Saat Media Bertumbangan, Siapa yang Akan Jaga Demokrasi?

Ilustrasi



Gelombang PHK massal di industri media bukan lagi isu dalam ruang redaksi, tapi kini jadi pembicaraan publik. Banyak media besar mengurangi tenaga kerja, bahkan sebagian harus pamit dari lanskap pers. Sebagai jurnalis televisi yang telah 10 tahun bekerja, saya merasakan langsung betapa berat tekanan ini.

Dulu, redaksi dipenuhi semangat. Kini, banyak ruang kosong. Tekanan ekonomi tak lagi bisa ditutupi. Iklan menyusut drastis, terutama setelah anggaran promosi dari instansi pemerintah ikut “diefisiensikan”. Banyak lembaga negara lebih memilih mempromosikan programnya lewat media sosial atau platform digital asing, meninggalkan media nasional yang justru selama ini menjadi mitra strategis penyebaran informasi publik.

Di sisi lain, perusahaan teknologi global dengan algoritma dan konten viralnya mengambil porsi besar dari perhatian publik—dan pendapatan iklan. Media lokal dan nasional dipaksa bersaing tanpa daya. Padahal, biaya memproduksi berita berkualitas tetap tinggi. Liputan mendalam, verifikasi data, dan menjaga etika jurnalistik bukan pekerjaan murah.

Yang berbahaya, kondisi ini bukan cuma berdampak pada jurnalis yang kehilangan pekerjaan, tapi juga pada kualitas informasi yang dikonsumsi publik. Ketika media kredibel tumbang, ruang informasi akan diisi oleh konten yang tak terverifikasi. Disinformasi dan hoaks bisa dengan mudah memengaruhi opini publik.

Demokrasi butuh media yang sehat. Tanpa media, tak ada yang mengawasi kekuasaan, menyuarakan warga kecil, dan menjaga keberagaman suara. Kalau kondisi ini terus dibiarkan, kita tak hanya menyaksikan kemunduran industri media, tapi juga kemunduran demokrasi.

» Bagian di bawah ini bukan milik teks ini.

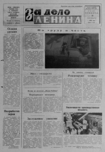 20 июля 1935 год а _ № 125 (5409 ) С У Б Б О Т А 16 О К Т Я Б Р Я 1 9 8 2 года Цена 2 коп. ОРГАН СЕВЕРНОГО РАЙКОМА НПСС И РАЙОННОГО СОВЕТА НАРОДНЫХ ДЕПУТАТОВ НОВОСИБИРСКОЙ ОБЛАСТИ Выходит по вторникам, четвергам и субботам. Пролетарии всех стран, соединяй тесь ! Основа урожая З а б о т а о семенах — это з а б о т а о будущ ем урожае^ Поэтому не удивительно, что все лучшее, убранное с поля з а сып ае тся на семена. Ж а р к о е лето нынешнего года сп особство ва л о тому, что зерновые куль туры хорошо вызрели. И все-таки р а б о т а с семенами пред стоит б о льш а я и кропот л и в а я . И х сортность, . в схо ж е сть и в л а ж н о с т ь должны с оотв етс твова ть нужной к о н диции, п р еж д е чем семена б у дут засыпаны в с к л а д д ля х Ра ” е ' ния В кол х о з е имени XXII съ е зд а КПСС р а б о т а с семенами ов са проведена пол ностью. Их засыпано 3200 центнеров. 1200 центнеров прошли вторым классом. - ^ Н е с к о л ь к о ниже кондиционная ' " в с х о ж е с т ь остальных. Все семена ов са, ржи, пшеницы хорошо по др а бо таны и очищены. Б о л ь ш а я часть п ш е н и ц ы п о к а з а л а у д о в л е т в о рительную в схожесть. 1600 цен тнеров сейчас н а х о д я т с я на проверке в семенной л а б о р а тории, но д л я полного о б еспечения х о зяй с т в а семенами этой к у л ь ту ры необходимо з ап ас тис ь еще 250 ц е н т н е р а ми. Весь семенной фонд п рохо дит очистку и сушку на г р аж д а н ц е в с к о й сушилке, поэтому его кон д иц и онн ая в сх ож е сть во многом за ви си т от соблюдения технических норм эксп луатац и и сушильной установки . И особенно вни ма тельными • д о лж ны быть те, ^ к то непосредственно осущест- ™ нляет процесс сушки. В Г р а ж д а н ц е в о опер ато р ам и на у с т а н о в к а х К ЗС -2 0 «б» К ЗС -1 0 «м» р аб о таю т Д. А. Моисеев и Н. С. Безгин. В кол х о з е з ер н о ск л ады д ля хранения семян едв а л ц не лучшие в районе. Н а ц ен т ральной у с а д ь б е их четыре, они способны вмес тить 10' тысяч центнеров. Складские помещения просторные и в них исключаетс я малейшее попадание влаги, к о т о р а я всегда губите льн а д л я зе рна. Г. П Е Т Р О В А . Подработка зерна К посевной будущего года го т о в я т с я з ем ледельцы к о л х о з а « П а м я т ь Ленина». Их основная з а д а ч а сейчас— п о д р а ботать семена д о высших п о севных кондиций. В хозяйстве за сып ан о на хранение 2200 центнеров пшеницы, 4000 — овса, 1220 — ржи. По в с х о жести зерн о отнесено ко в т о рому к л ас су посевной к о н д и ции. Его подра ботк ой з а н и м а лись м а с т е р а зернотока М. П. Ж у р а в л е в , И. А. Юдин, Ю. Н. Шеин, Н. Н. Головачев. ' В коротк ий срок выполнили они это большое и в аж н о е дело. Р у к о в о ди л р а б о т о й заведующий током А. М. Опарин. Семена засыпаны неплохие, но вы зы в аю т тревогу с к л а д ские помещения . Они в неприглядном состоянии, т ребую т или н ео тл ож н о го р ем о нта , или полной замены. А. К Л Е Щ Е Н К О , аг роном-с еменовод. П о т р у д у и Коммунист Н и к о л а й И в а н о в и ч Ц и п л а к о в работает . в <гТ р а н с се льхозт ехн ике» о к о л о десяти лет. З а это время и с к о л е с и л он н е м а л о дорог. В рай о н е нет такого к о л х о з а , к у д а не п р и в о з и л бы о н гр у зы : стройматериалы, о б о р у д о в а н и е д л я ферм. И в с е г да н е изм ен ным оставалось его отношение к д е л у : работает Н и к о л а й И в а н о в и ч на совесть. Поэтому мо ло д о го коммуниста товарищи по труду неоднократно и з б и р а л и депутатом райо н н о го Совета. В п е р и о д заготовки кормор И. И. Ц и п л а к о в , И. И. К у л а к о в и 
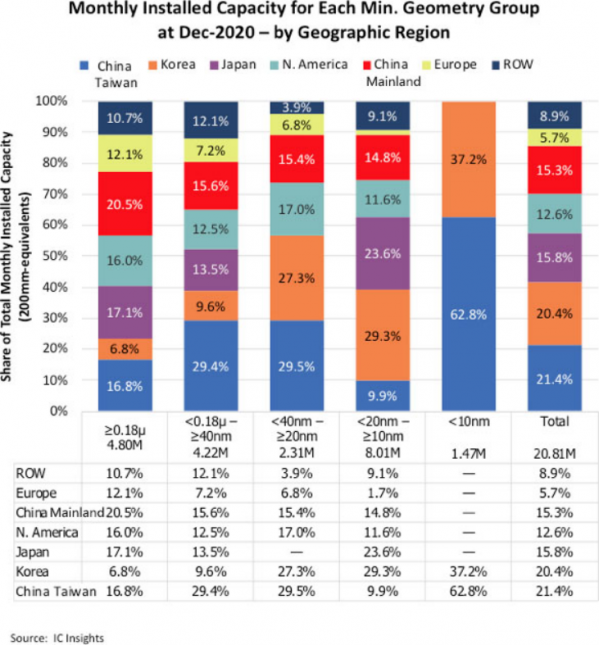 毋庸讳言,在不同技术水平的芯片里,最抓眼球的肯定是10nm以下的,尤其是5nm以下的,台积电已经在准备生产2nm了。在10nm以下,中国台湾(主要是台积电)一骑绝尘,绝对领先,占世界产能的92%。韩国三星只有区区8%。
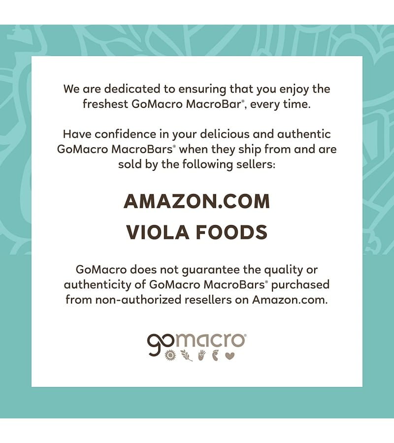 CERTIFICATIONS YOU CAN TRUST: All GoMacro protein bars are Certified Organic. Vegan. Gluten-Free. Kosher. Non-GMO. C.L.E.A.N.. and Soy-Free so you can snack with confidence. If there were a certification for delicious. we’d have that too!

Karena itu, pemerintah perlu melihat media bukan sebagai beban, tapi sebagai bagian penting dari infrastruktur demokrasi. Kembalikan posisi media sebagai mitra strategis penyampai informasi publik. Evaluasi kembali kebijakan anggaran agar lebih adil. Regulasikan platform digital agar lebih bertanggung jawab. Dan masyarakat juga harus didorong untuk lebih menghargai karya jurnalistik—baik lewat langganan, dukungan, atau setidaknya tidak menormalisasi konten hoaks.

Kalau media jatuh satu per satu, siapa lagi yang akan menjaga demokrasi? .

Penulis : Maulana Syarifudin, Jurnalis dan akademisi di bidang Ilmu Komunikasi.